[fòrmika] (marq. dép. FORMID.)
En 1958 (période du haut suranné) une lamentable tentative de rime échoua en vague écho sonore qui à force de répétitions assénées transforma une résine mélamine en matière reine des cuisines et d’ailleurs. Afin d’attester de la véracité de ces affirmations convenons-en osées, voici en exclusivité les paroles de la publicité télévisuelle et chantée qui propagea sur une rengaine entêtante les louanges en question :🎼🎶Mon fils a des dons véritables
Pour faire une palette de sa table
Sous l’œil attendri d’mon mari
Qui dit j’vais chercher mes outils🎶Boite à outils, boite à outils🎶
Armé d’une scie d’un pot d’colle
Il découpe pose et fignole
Un beau panneau de revêtement en deux temps et trois mouvements
Mon Dieu quel bonheur, mon Dieu quel bonheur, d’avoir un mari qui bricole
Mon Dieu quel bonheur, mon Dieu quel bonheur, d’avoir un mari bricoleur🎶C’est Formica®, c’est formidable
Conquis par cette réussite🎶
Il décida d’y donner suite
Et convoqua le menuisier
Pour transformer tout le mobilierC’est Formica®, c’est formidable
🎶D’la salle de bains à la cuisine
Sans cesse on le voit qui usine
Coupant par ci collant par là
Posant partout du Formica®
Mon Dieu quel bonheur, mon Dieu quel bonheur, d’avoir des panneaux formidables
Mon Dieu quel bonheur, mon Dieu quel bonheur, d’avoir des panneaux Formica®🎶
Le Formica®, qui n’a rien à voir avec formica comme genre de fourmis de l’hémisphère nord avec ses quarante deux espèces plus ou moins urticantes, le Formica® donc, est un mélaminé thermorésistant recouvrant généralement du mobilier de cuisine, inventé au Canada par la Howard Smith Paper Company pour recycler les déchets de l’industrie du papier.
Son petit nom chimique 1,3,5-triazine-2,4,6-triamine et sa formuleC3H6N6 n’étant pas les meilleurs des atouts pour une carrière commerciale, les stratèges de la société De La Rue, fabriquant anglais de billets et de timbres et exploitant de la formule un peu partout dans le monde (et notamment à Quillan dans l’Aude), décidèrent de Formica®. Bingo !
Le succès de Formica®, dû à sa facilité d’entretien plus qu’aux recherches esthétiques déployées (encore que…), fut exceptionnel.
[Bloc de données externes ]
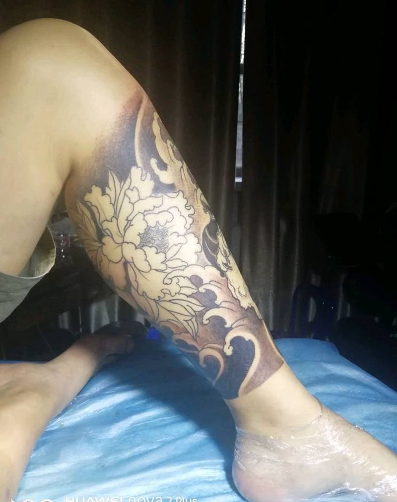 • T网红王老大花腿龙纹身图片_腿部新传统纹身图案

Du comptoir de bistrot sur lequel on casse l’œuf dur à la table de cuisine de mon arrière-grand mère, toute surface plane horizontale ou verticale se dut d’être de Formica® sous peine de passer pour ringarde. Et c’était formidable puisque la dame à l’enfant prodige et au mari bricoleur nous le chantait si bien.
La maîtresse de maison¹ est gaie comme un pinson si son intérieur est proprement tenu grâce à son mobilier en Formica® et quoi de plus agréable que le bonheur d’une femme à la maison¹ ? Rien, évidemment. Alors fourguons du Formica®, et partout de préférence !
Vous l’avez deviné, la montée des idées réformistes sur l’égalité des sexes et l’aventure saugrenue pour De La Rue qui consista à se lancer dans le marbre reconstitué² eurent la peau du Formica®. La matière devint surannée alors qu’apparaissait le vulgaire plastique, facile remplaçant au goût clinquant avec ses couleurs orange et jaune qui emprunteraient elles aussi quelques années plus tard le chemin suranné (mais ceci est une autre histoire).
Seule mon arrière-grand-mère refusa de changer sa table en Formica®. Elle qui était née au XIXᵉ siècle savait que penser de la modernité qui s’acharne à changer à tout crin.